If you had a rule that SB_CHANGE_PENDING cannot be set or cleared
without already having reconfig_mutex, wouldn't that prevent this
deadlock? (If I understood the issue correctly, it's currently possible
to set but not clear the SB_CHANGE_PENDING without having reconfig_mutex.)

Another possibility is to expect SB_CHANGE_PENDING to be set as part of
sync process required change to "idle" (write to sync_action).

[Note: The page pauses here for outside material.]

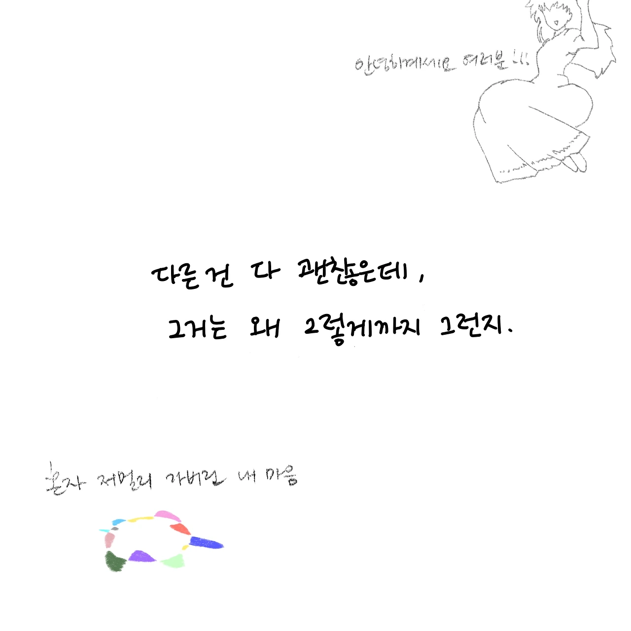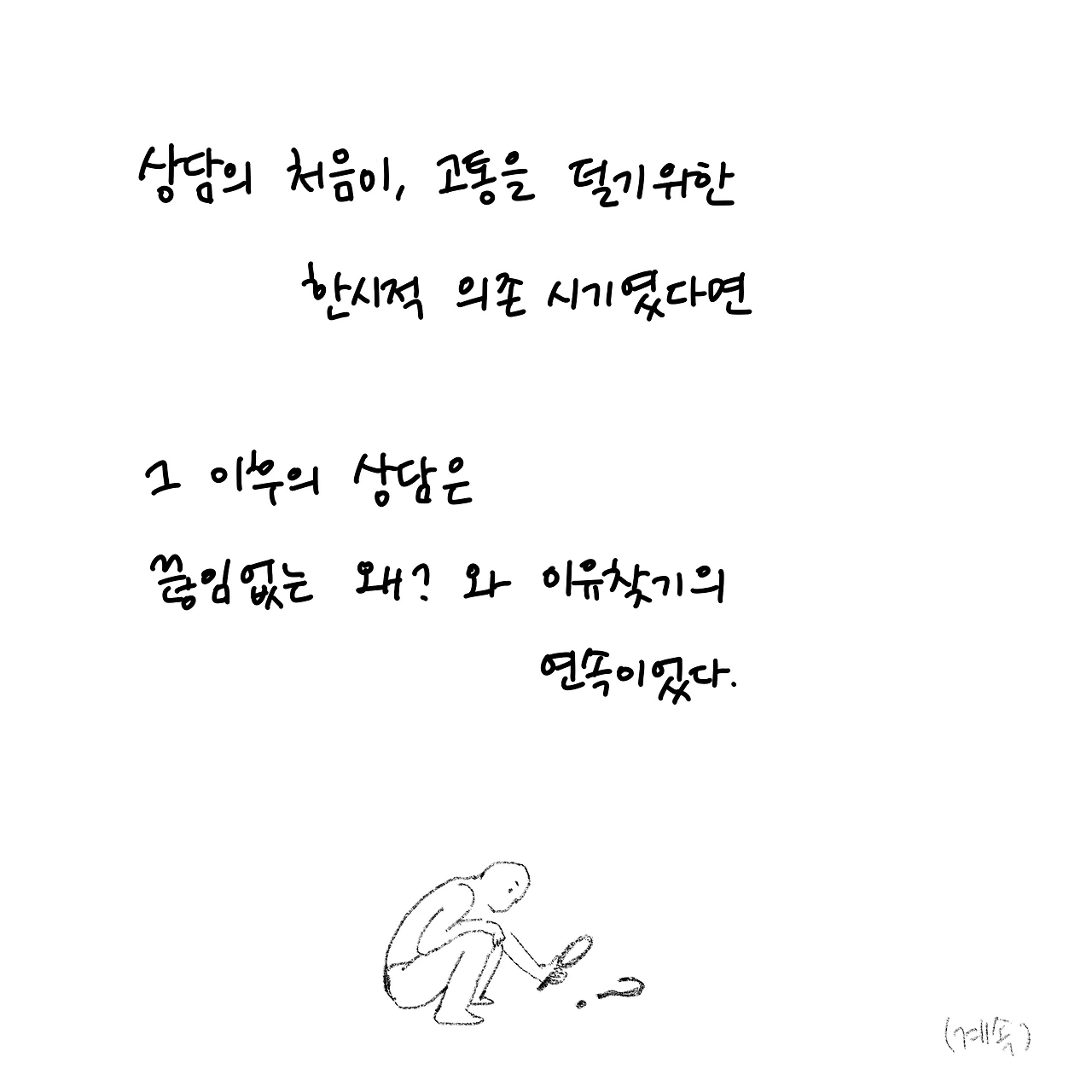 상담자이면서 내담자입니다. 상담받은 경험을 글쓰고 그립니다. 개인상담소 [마음과 공간 심리상담센터]를 운영하고 있습니다.

In that
case the logic would be you cannot have reconfig_mutex already locked
before setting (logically acquiring lock) SB_CHANGE_PENDING. So the
transfer from active to idle would require first setting
SB_CHANGE_PENDING, doing the required processing (getting and freeing
reconfig_mutex in process) and then clearing SB_CHANGE_PENDING.
Basically the rule would be you must lock SB_CHANGE_PENDING before you
can lock reconfig_mutex.

If I've understood correctly SB_CHANGE_PENDING is not technically a lock
but it's logically used like it were a lock.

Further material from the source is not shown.